▸ Assigned task
What you return must match, exactly, the lines running from the one containing "Посольство Чехии в" to the end of the data, both included, and must contain no pictures.

##############################

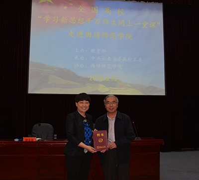 本次活动由教育部主办,中共云南省委高校工委承办,bat365中文官方网站协办。云南省高校习近平新时代中国特色社会主义思想宣讲团成员、云南民族大学马克思主义学院张建国教授和bat365党委委员、党委宣传部长钱润光教授现场授课。校长浦虹为张建国教授颁发特聘教授聘书。活动由党委副书记陆选荣主持。
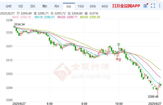 周五(6月27日)亚市盘中,伦敦金价格短线急跌,目前位于3298.90美元/盎司,跌幅0.86%,今日金价开盘报3327.55美元/盎司,最高上探3328.16美元/盎司,最低触及3289.09美元/盎司。
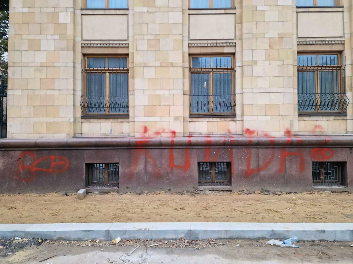 Посольство Чехии в Москве разрисовали нецензурными надписями
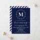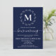 Navy Blue White Wreath Monogram House Warming Announcement
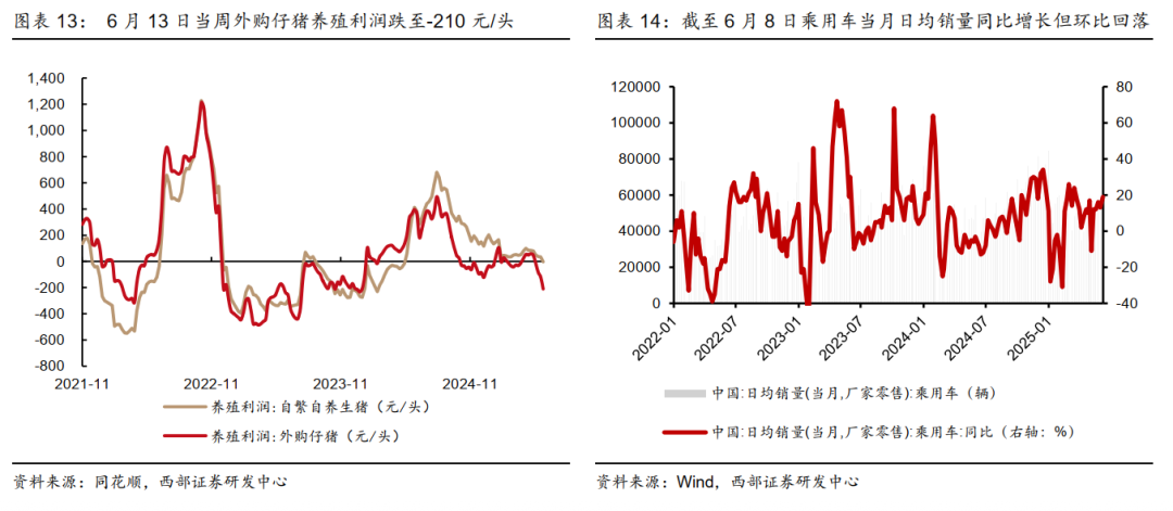 本周宏观高频数据大体平稳。截至6月13日当周,中东地缘局势升级推高油价,ICE布油期货周涨13%,COMEX黄金价格亦上涨并突破3400美元/盎司关口。6月“抢出口”趋势延续,出口运价冲高后环比回落;PTA开工率维持震荡偏强。内需方面,汽车销量维持较高活跃度;猪肉养殖利润进一步下探,6月9日华储网公告于6月11日开展中央储备冻猪肉收储。

##############################

▸ Exercise output
 Посольство Чехии в Москве разрисовали нецензурными надписями
 Navy Blue White Wreath Monogram House Warming Announcement
 本周宏观高频数据大体平稳。截至6月13日当周,中东地缘局势升级推高油价,ICE布油期货周涨13%,COMEX黄金价格亦上涨并突破3400美元/盎司关口。6月“抢出口”趋势延续,出口运价冲高后环比回落;PTA开工率维持震荡偏强。内需方面,汽车销量维持较高活跃度;猪肉养殖利润进一步下探,6月9日华储网公告于6月11日开展中央储备冻猪肉收储。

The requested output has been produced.